Let there be SQLAlchemy models:

class UserType(Base):
    # catalog model
    __tablename__ = "user_types"
    id: Mapped[int] = mapped_column(primary_key=True, autoincrement=True)
    code: Mapped[str] = mapped_column(unique=True)  # f.e. student, teacher, cleaner
    name: Mapped[str]  # f.e. Student, Teacher, Cleaner


class User(Base):
    __tablename__ = "users"
    id: Mapped[int] = mapped_column(primary_key=True, autoincrement=True)
    first_name: Mapped[str]
    last_name: Mapped[str]
    email: Mapped[str] = mapped_column(unique=True)
    type_id: Mapped[int] = mapped_column(ForeignKey("user_types.id", ondelete="cascade"))

Repositories for models:

from sqlalchemy import select


class UsersRepository(ModelRepository):
    model = User


class UserTypesRepository(ModelRepository):
    model = UserType

    # for catalog models I like doing methods like this:

    async def get_STUDENT_type(self):
        return await self.get_by_code("student")

    async def get_TEACHER_type(self):
        return await self.get_by_code("teacher")

    async def get_CLEANER_type(self):
        return await self.get_by_code("cleaner")

    async def get_by_code(self, code):
        stmt = select(self.model).where(self.model.code == code)
        return await self.scalar_or_raise(stmt, "User type not found")

For each endpoint, a service and repositories are created:


# create_user.py

from sqlalchemy import update


class InputSchema(BasicModel):
    first_name: str
    last_name: str
    email: str
    type_id: int


class Repository(BaseRepository):

    async def email_registered(self, email):
        # this method is being used only in this endpoint
        # I don't want to put in UsersRepository
        # sorry I couldn't figure out more realistic example
        stmt = select("1").where(User.email == email)
        return await self._session.scalar(stmt)

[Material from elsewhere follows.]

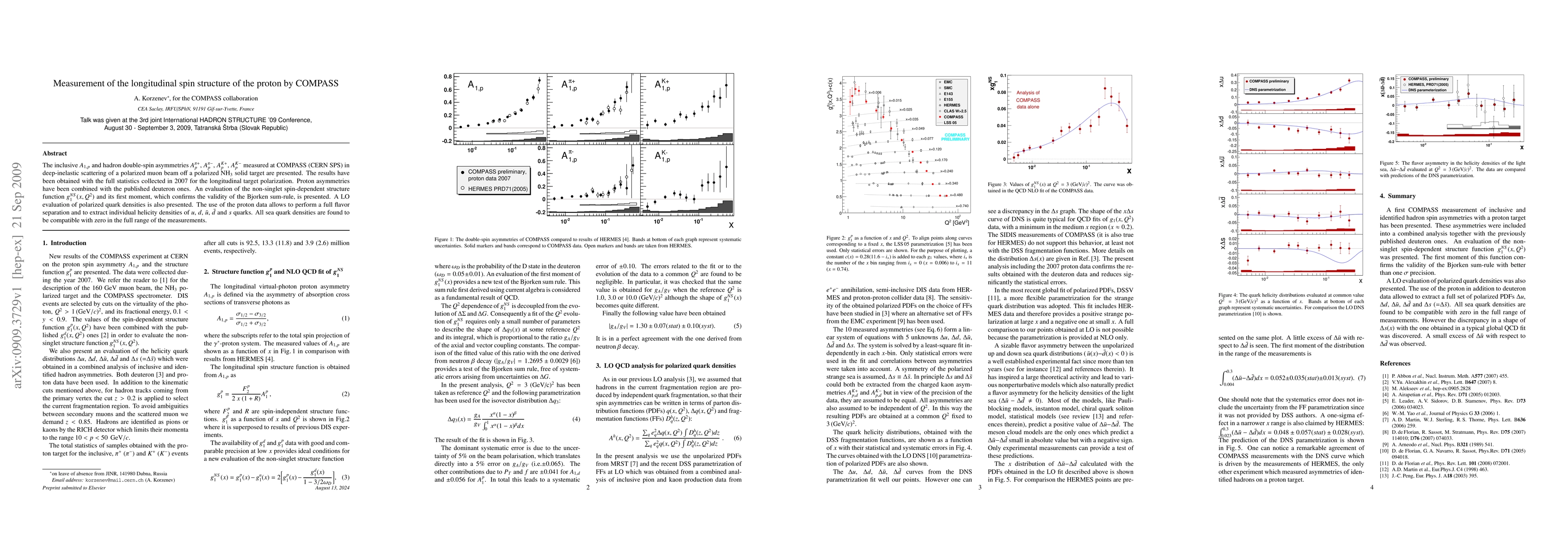 The COMPASS experiment at CERN measured proton's spin structure using polarized muon beams and ammonia targets, obtaining inclusive asymmetries A_1,p and hadron asymmetries. Combining these with previous deuteron results, they evaluated the non-singlet structure function g_1^NS(x,Q^2), confirming the Bjorken sum-rule. They also performed a low-order evaluation of polarized quark densities, achieving flavor separation for u, d, anti-u, anti-d, and s quarks, finding that all sea quark densities are near zero in the measured range.

    async def some_method_that_modifies_something(self):
        stmt = update(...)
        await self._session.execute(stmt)
        # sorry I couldn't figure out example



class Service:

    def __init__(
        self,
        repository: Repository = Depends(Repository),
        users_repository: UsersRepository = Depends(UsersRepository),
        user_types_repository: UserTypesRepository = Depends(UserTypesRepository),
    ):
        # all repositories share the same SQLAlchemy session
        self.repository = repository
        self.users_repository = users_repository
        self.user_types_repository = user_types_repository

    async def create_user(self, input: InputSchema):
        # first check if email already registered
        # this check is being done first because sql request will be faster then http request further
        # transaction is being opened
        if self.repository.email_registered(input.email):
            raise HTTPException(status_code=400, detail="User already registered")
        # idle in transaction
        await self.repository.some_method_that_modifies_something()
        # idle in transaction
        # here we cannot commit to stop transaction for optimization purposes before "long" http request
        # because I need to commit it all or nothing
        # http request lasts about 0.5 second
        if not self.user_exists_in_keycloak(input.email):
            raise HTTPException(status_code=400, detail="User does not exist in keycloak")
        type = await self.user_types_repository.get_by_pk(input.type_id)
        # idle in transaction
        if not type:
            raise HTTPException(status_code=400, detail="User type not found")
        # idle in transaction
        user = self.users_repository.create(first_name=input.first_name, last_name=input.last_name, type=type)
        # idle in transaction
        return user


    async def user_exists_in_keycloak(self, email) -> bool:
        # http request to keycloak to represent "long" pause when connection and transaction are idle uselessly


@app.post("/user")  # app is app = FastAPI()
async def create_user(input: InputSchema, service: Service = Depends(Service)):
    return await service.create_user(input)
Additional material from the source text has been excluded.